I DANNI DELLA RIFORMA "FORNERO"

LE PARTITE IVA A CONFRONTO CON I DIPENDENTI

La riforma del mercato del lavoro presentata dal governo Monti rischia di passare alla storia come la pietra tombale sui lavoratori a partita iva iscritti alla gestione separata INPS.

Come noto, si tratta di soggetti che svolgono il proprio lavoro – di norma intellettuale – in forma autonoma, che ogni giorno mettono in gioco sul mercato le proprie competenze professionali, che di norma forniscono servizi e prestazioni ad alto valore aggiunto per la collettività.

Nel 2010 il numero delle partite iva iscritte alla gestione separata era pari a 252.504 unità.

Si tratta – e questo forse è meno noto – di soggetti penalizzati rispetto ai lavoratori dipendenti sia da un punto di vista fiscale (hanno diritto a detrazioni d’imposta inferiori) sia da quello contributivo.

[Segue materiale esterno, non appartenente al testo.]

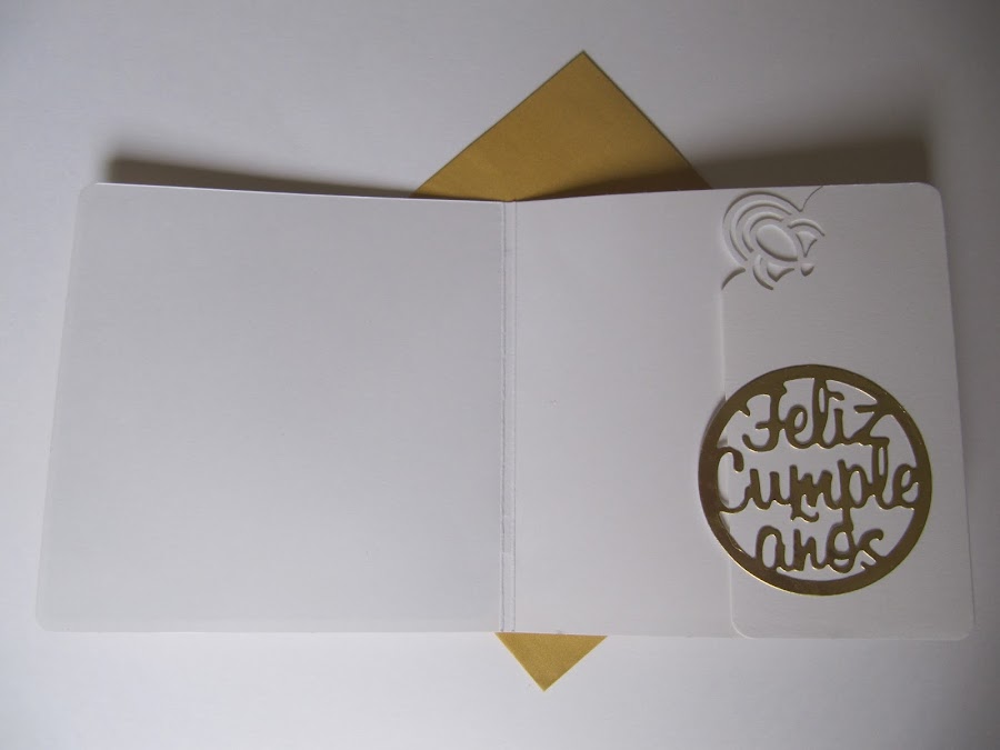 Todo enmarcado con un papel dorado, el cual utilice en el interior de la tarjeta con un troquel bonito de "feliz cumpleaños"
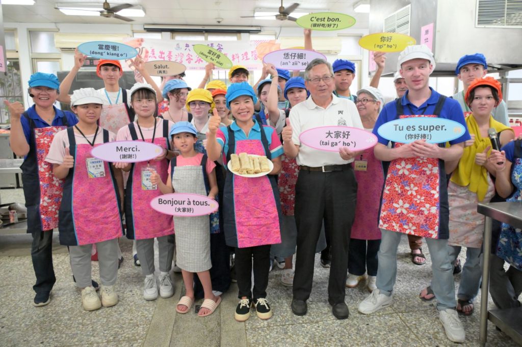「廚藝動手做、客語自然講!」吉安鄉公所為推動客語文化扎根並深化青年學子國際交流經驗,安排與四維高中於7月21日至25日共同舉辦「共下來講客・煮出臺灣客家味創意料理營」。本次特別邀請來自法國布列塔尼地區坎培拉中學的13位高中生來台,與本地18位高中生混合編組,展開為期五天的跨國交流體驗,游淑貞鄉長親出席陪同,與學子們一同體驗做「客家豆皮糯米捲」和「紅酒燉閹雞」美食,彼此在華語、客語與法語交錯中交流,透過料理認識世界好滋味。
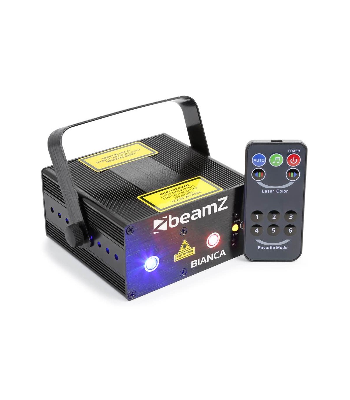 Il laser Bianca Double è un'unità laser rosso, verde e blu plug and play e riproduce 12 effetti gobo diversi. Il laser RGB include un telecomando a infrarossi per il controllo wireless e per passare da programmi attivati dal suono o automatici. Adatto per discoteche, pub, discoteche, feste di famiglia ecc.

Le partite iva iscritte alla gestione separata INPS, infatti, si accollano l’intero costo dei propri contributi previdenziali e assistenziali a fronte del quale godono di diritti e prestazioni fortemente limitati, soprattutto se confrontati con quelli dei dipendenti.

Per questo, dubito che il provvedimento che incrementa l’aliquota previdenziale della gestione separata dal 27% al 33% sia stato preso con la consapevolezza necessaria.

Se, infatti, si guarda ai dati contenuti nei prospetti sotto esposti, nessuno può condividere una scelta che porta il netto disponibile di un soggetto che ha un reddito di 1.000 euro al mese da 545 a 485 euro mensili o quello di un soggetto che realizza un reddito di 2.000 euro al mese da 960 a 840.

In tali situazioni la scelta che si propone alle persone è tra la mancata sopravvivenza e l’uscita dalla legalità. Noi cosa sceglieremmo?